Here's the business side* of the KeyStone-II card:
The CPU and DSP side of the KeyStone-II Moonshot cartridge
And here's the party side*:
The backside of the TI Moonshot card
There are four of the KeyStone-II chips on this Moonshot cartridge, which are each a hybrid of Cortex-A15 processors with TI's own digital signal processors etched onto the same die. The Cortex-A15 cores have 32-bit processing, but have 40-bit memory addressing (ARM calls this Large Physical Address Extensions). The KeyStone-II chip can have from one to four ARM cores activated, which run at 1.4GHz.
There can be up to eight DSPs on the KeyStone-II chip, delivering around one teraflops of floating point performance at single precision and around 384 gigaflops at double-precision. Throw four of these on a card, and 45 of these in a chassis, and ten enclosures in a rack, and you can cram a lot of computing into a single Moonshot setup. Try 7,200 ARM cores in a rack back-ended by up to 14,400 DSPs with 1.8 petaflops at single precision per rack. I did the math three times on that because it didn't seem possible. If you want double precision, it drops down to 691 teraflops per rack.
The KeyStone-II chips have an integrated switch on the die as well, and a network accelerator that can run at 1Gb/sec and handle 1.5 million packets per second.

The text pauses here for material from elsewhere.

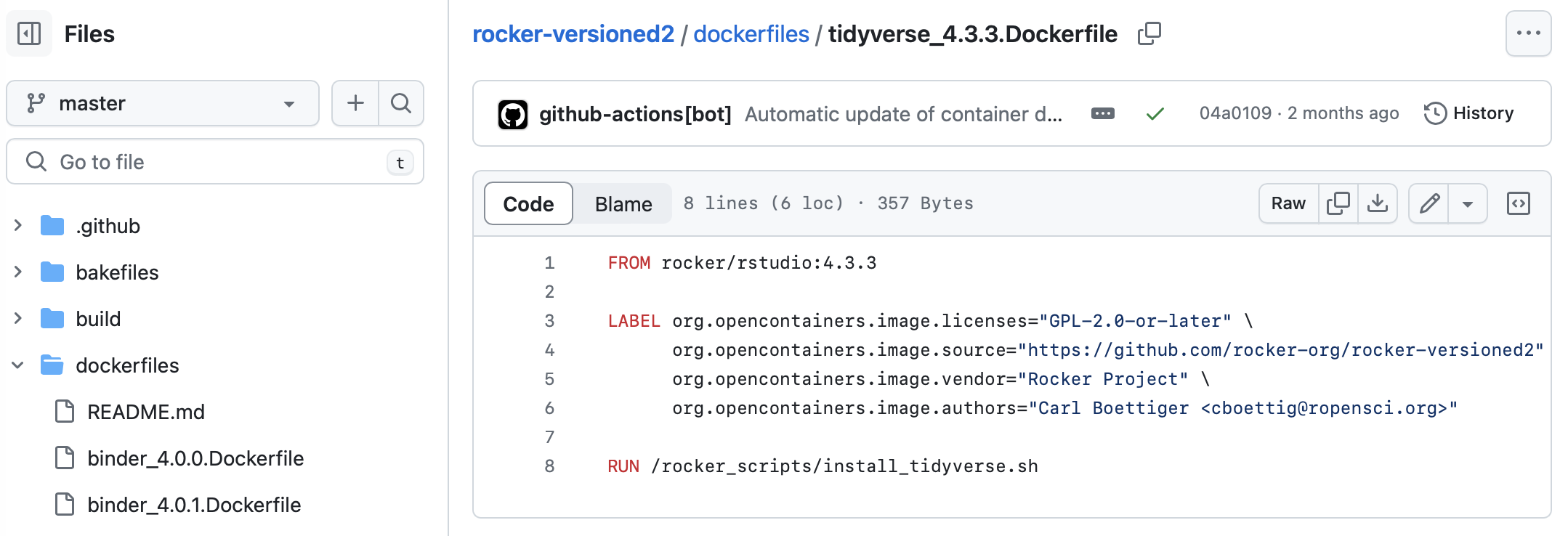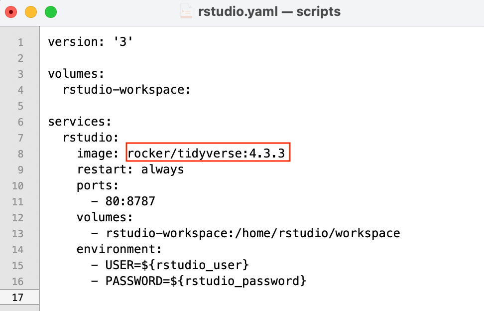 We can then edit this file to use whatever docker image we like. I have chosen to use the tidy verse:4.3.3 docker image, which gets the latest version of R and tidyverse.

As we already explained, with the KeyStone-II design, TI can go after pure cloud infrastructure workloads – servers, switches, routers, network control planes, industrial sensors, and wireless transport devices – with ARM-only versions of the KeyStone II chips. It can activate some of the DSPs on the chip, charge a premium, and go after video, IP camera, traffic system, voice gateway, and medical device applications. And it can turn all eight DSPs on and chase supercomputing, video conferencing, image processing and analytics, medical imaging, and even virtual desktop infrastructure workloads.
It will be interesting to see how these various cards sell against each other. In a way, the Moonshot chassis will be a preview and a proxy for the next wave in the Server Processor War, a wave that will be going on in the data centers of the world for years to come. ®
* Bootnote
Yes, that was an oblique reference to a mullet.